What you return should be the full listing, copied exactly and stripped of its pictures.

• **Data excerpt**:
((

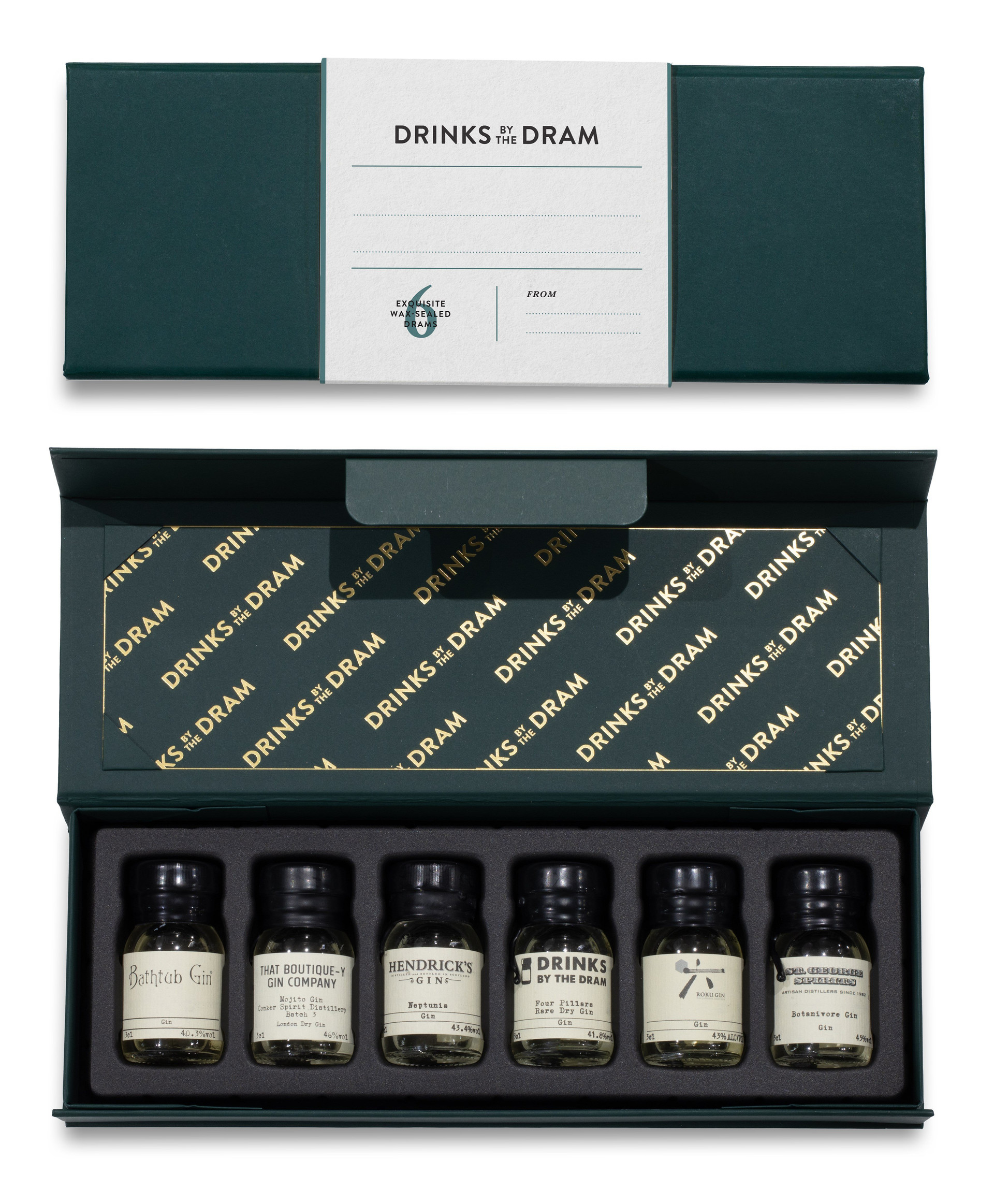 Within this box await six wax-sealed 30ml gin samples from some of the world's top distilleries and producers, and you can transform it into the perfect personalised gift by adding your own message to the sleeve! There's enough space to write a nice greeting, or perhaps a poem. Include a doodle if you like. It's a blank canvas.
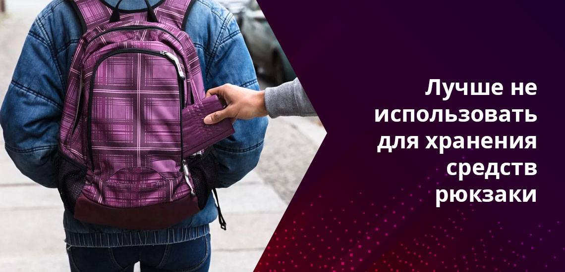 - лучше не использовать для хранения средств рюкзаки. Вне поля видимости владельца он может стать жертвой воров. Разрезать рюкзак сзади гораздо проще;
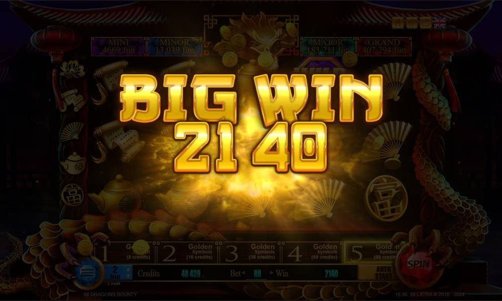 88 Dragons Bounty is a slot with a familiar set of rules, but its own interesting mechanics. It's recommended that you spend some time in the demo version to learn them. Testing will quickly put everything in its place and will help you move on to real bets without making any frustrating mistakes.

))

• **Result for this exercise**:
 Within this box await six wax-sealed 30ml gin samples from some of the world's top distilleries and producers, and you can transform it into the perfect personalised gift by adding your own message to the sleeve! There's enough space to write a nice greeting, or perhaps a poem. Include a doodle if you like. It's a blank canvas.
 - лучше не использовать для хранения средств рюкзаки. Вне поля видимости владельца он может стать жертвой воров. Разрезать рюкзак сзади гораздо проще;
 88 Dragons Bounty is a slot with a familiar set of rules, but its own interesting mechanics. It's recommended that you spend some time in the demo version to learn them. Testing will quickly put everything in its place and will help you move on to real bets without making any frustrating mistakes.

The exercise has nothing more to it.